Очень любил ребенок-Гоголь вещи, ручки, пеналы, перочинные ножи, краски, охотно ткал на гребенке пояски.
Рано научился читать и писать. Обучение происходило под наблюдением Василия Афанасьевича. Он сам задавал сыновьям, старшему Николаю и младшему Ивану, сочинения на разные сельские темы. Мальчиком Гоголь принимал участие в театральных постановках отца и помогал ему. Для подготовки в школу был нанят семинарист.

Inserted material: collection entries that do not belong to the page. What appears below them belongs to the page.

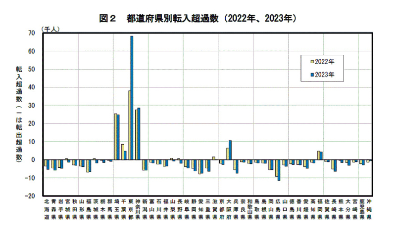 ※出典:住民基本台帳人口移動報告 2023年(令和5年)結果/総務省統計局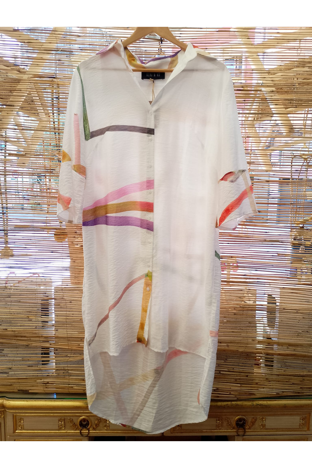 Vestido camisero de longitud midi con mangas tres cuartos y espalda más larga, estampado con motivos de pinceladas coloridas.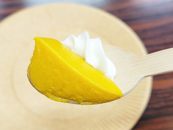 かぼちゃを食べているかのような舌ざわりと優しい甘さが特徴。冷凍のかぼちゃをそのまま粉砕したペーストを使用することで生まれた食感だそうです。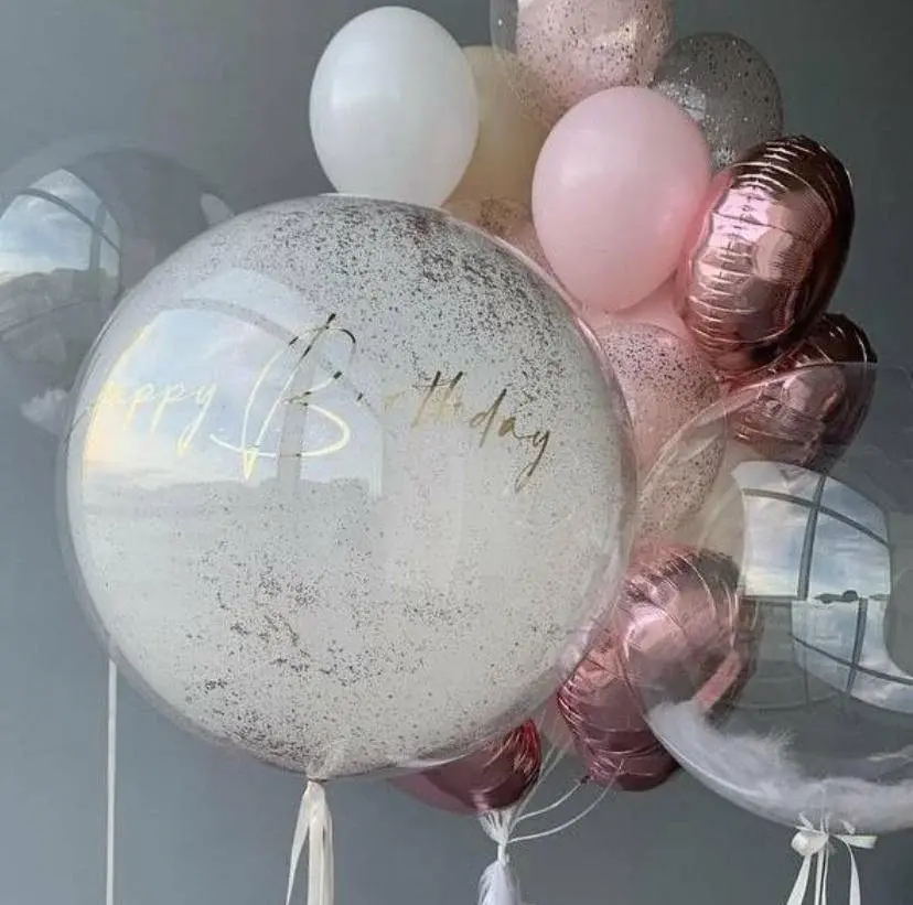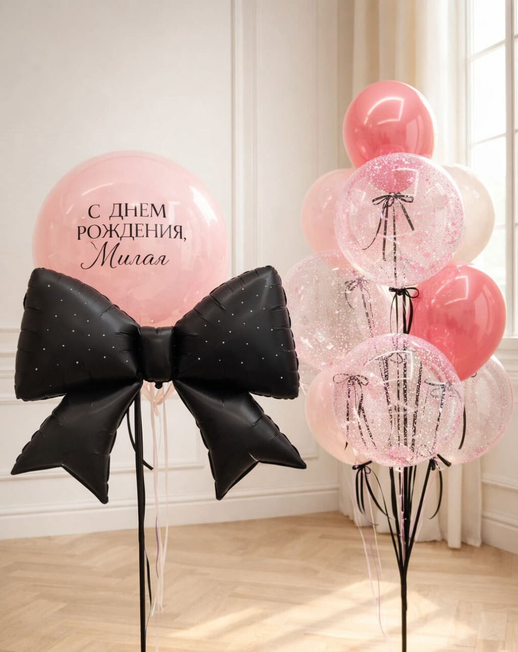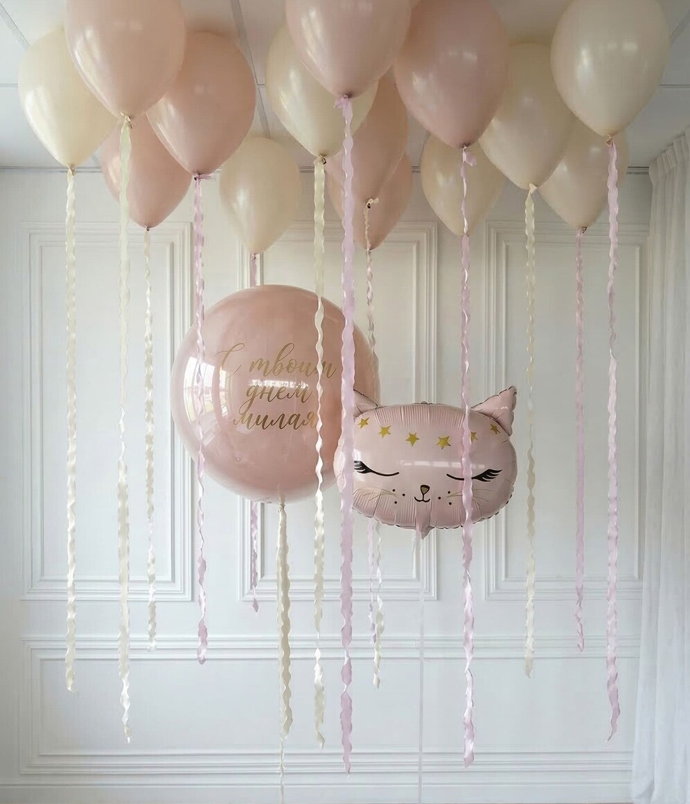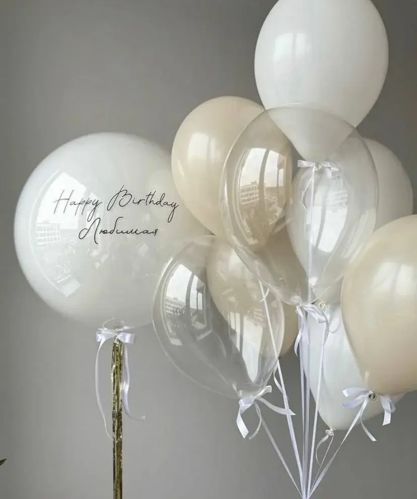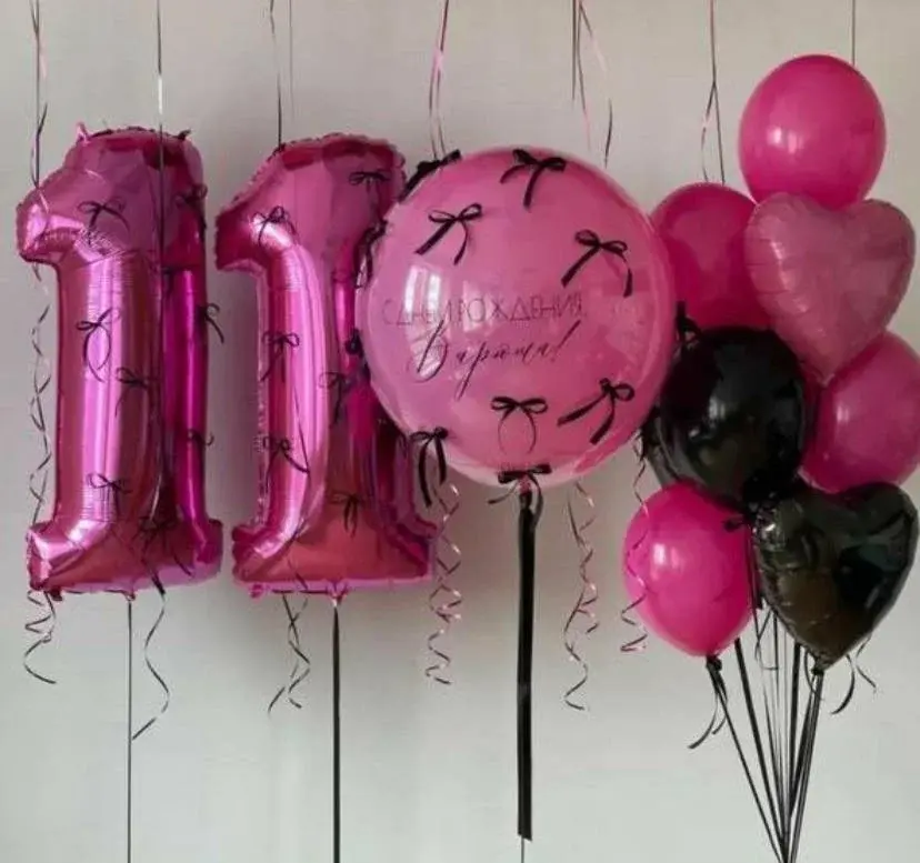 В композицию входит : Бабалс шар в шаре с вашей надписью и бантиками 15 шаров под потолок 1 грузик

Капризный, себялюбивый, неуравновешенный, даже болезненный, Гоголь-ребенок соединял в себе богатую восприимчивость к «особенностям», ко всему телесному, с мечтательностью, с разными страхами. Однако, тихая деревенская обстановка, обилие зелени, здоровый воздух, достаток давали перевес бодрому и положительному. Но чем же тогда заменить их?
В 1818 году вместе с младшим братом Иваном Гоголь поступил в полтавскую гимназию.
Нравы и порядки дореформенных гимназий отличались грубостью. Детей пороли за незначительные провинности, воспитывали угодничество, раболепство, презрение к «мужикам», трусость. Об этом воспитании наглядное представление дают страницы «Мертвых душ», где изображается жизнь Павлуши Чичикова в школе. И родители и воспитатели учили, что надо надеяться на копейку: товарищи выдадут, а копейка никогда не выдаст. Ценились не успехи в науках, а благонравное поведение, которое измерялось прислужничеством перед старшими, ябедничеством, причем эти прислужники и ябедники первыми же при удобных случаях не только забывали о своих «благодетелях», но и делали им посильные гадости.